Masterplan „Grünes Band Ravensburg 2027–2030“ . . . Gäbe es in Ravensburg eine Stadtspitze, auf deren Agenda echter Klimaschutz ganz oben stünde ...
Liebe Mitbürger und liebe Mitbürgerinnen, liebe Nachbarn, sehr geehrte Damen und Herren!
Der oben abgebildete Plan ist insofern nicht maßstabgetreu, weil Bäume, Bänke und Brunnen viel zu groß eingezeichnet sind, da sie sonst nicht zu erkennen wären. Pro abgebildetem Baum stelle man/frau sich drei vor und statt einer Bank = zwei.
Stellen Sie sich vor, Sie treten aus dem Schatten des Ravensburger Lederhauses auf einen Platz, der sich völlig neu anfühlt. Kein Motorengeräusch, kein Abgas, kein hektisches Durchqueren. Stattdessen öffnet sich ein zusammenhängender grüner Raum, der sich wie ein weiches Band durch den mittleren und den nördlichen Marienplatz zieht – bis hin zum Holzmarkt.
Links und rechts rahmen sanft modellierte Rasenflächen den Weg. Die historischen Fassaden wirken plötzlich leichter, weil sie nicht mehr gegen Asphalt und Steinplatten und parkende Fahrzeuge ankämpfen müssen. Vor den Häusern und mittig des Platzes stehen klimaresiliente Bäume, deren Kronen Schatten werfen, die in heißen Sommern spürbar kühlen. Die Luft ist frisch, bewegt und lebendig.

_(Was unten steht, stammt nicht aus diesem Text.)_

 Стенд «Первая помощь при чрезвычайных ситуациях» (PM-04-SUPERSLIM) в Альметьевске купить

Die Wege – 2,50 Meter breit, aus festem, hellem Kies – führen Sie wie ein ruhiger Fluss durch die Stadt. Sie tragen Fußgänger und Fußgängerinnen und in der Not Rettungsfahrzeuge, aber keine Fahrräder, keine Taxis, keine Poser, keinen Personenverkehr. Die Stadt gehört wieder den Menschen, die zu Fuß gehen, verweilen, reden, schauen.
Die Gastronomie hat sich zurückgezogen – nicht räumlich, sondern gestalterisch. Ihre Außenbestuhlungen sind leicht, zurückhaltend, einheitlich, eingebettet in das Grün. Keine Inseln aus Plastikmöbeln mehr, keine Barrieren. Stattdessen wirken die Cafés wie Teil des Parks.

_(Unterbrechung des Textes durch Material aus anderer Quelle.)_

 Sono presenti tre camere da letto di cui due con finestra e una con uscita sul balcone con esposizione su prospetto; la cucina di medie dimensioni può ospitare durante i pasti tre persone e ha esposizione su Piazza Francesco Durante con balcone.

Am Holzmarkt öffnet sich das Band zu einem kleinen urbanen Garten. Die unterirdischen Schwammkörper speichern Regenwasser und die Oberfläche wird zu Rasen, nicht mehr aus Stein. Kinder spielen, ältere Menschen sitzen auf schattigen Bänken, Touristinnen fotografieren den sanierte Blaserturm, der nun nicht mehr über einem Steinmeer thront, sondern über einer grünen Lichtung.
Das „Grüne Band“ ist nicht nur ein Park. Es ist eine neue Haltung: Ravensburg entscheidet sich für Klima-Resilienz, für Ruhe, für Schönheit und für die Zukunft.
Die Stadt Ravensburg ist längst an einem Wendepunkt angekommen. Ein Wendepunkt, der nicht durch Ideologie, nicht durch Parteifarben, nicht durch die nächste Wahl bestimmt wird – sondern durch etwas viel Größeres: durch den Klimawandel, der längst nicht mehr abstrakt ist, sondern uns jeden Sommer auf dem Marienplatz die Haut verbrennt.
Wir wissen es alle: Der gesamte Marienplatz ist zu einer Hitzeplatte geworden. Ein steinernes Becken, das die Sonnenhitze speichert und einem Backofen gleicht. Und wir wissen auch: Das ist nicht nur unangenehm – es ist gefährlich. Für ältere Menschen, für Kinder, für Sportler, für alle, die hier arbeiten, leben, sitzen, warten, gehen.
Darum schreibe ich heute über eine Idee, die vor Jahren vielversprechend von einer höheren Stelle propagiert, aber nicht umgesetzt wurde. Im Gegenteil. Die "Vision" kam von der Ravensburger Verwaltungsspitze. Doch ziemlich unkonkret und schon gar nicht konzeptionell. In einem Zeitungsartikel der SZ aus dem Jahr 2022 fallen dazu sinngemäß Worte, Begriffe und Sätze wie: "Was schwebt Rapp und Bastin vor?" - "Könnte man Flächen entsiegeln." - "Bäume pflanzen an der Bushaltestelle." - "Gegenüber der Vetter-Apotheke vor der neuen Musikschule soll am Holzmarkt ein Fontänenfeld entstehen." - Von einem "Landschaftsarchitekten-Wettbewerb 2025" ist die Rede. - Das Wort "könnte" erscheint sechs Mal. - Und dann heißt es: "Beide hoffen auf einen „mutigen Gemeinderat“ und darauf, dass der Verkehrsversuch, der 2024 unter dem Namen „Klimamobil“ startet, weitere Fakten liefern wird." - Ähäm. Meines Wissens nickt der Gemeinderat (mit ganz ganz wenigen Ausnahmen) doch alles ab, was von oben vorgeschlagen wird, oder täusche ich mich da?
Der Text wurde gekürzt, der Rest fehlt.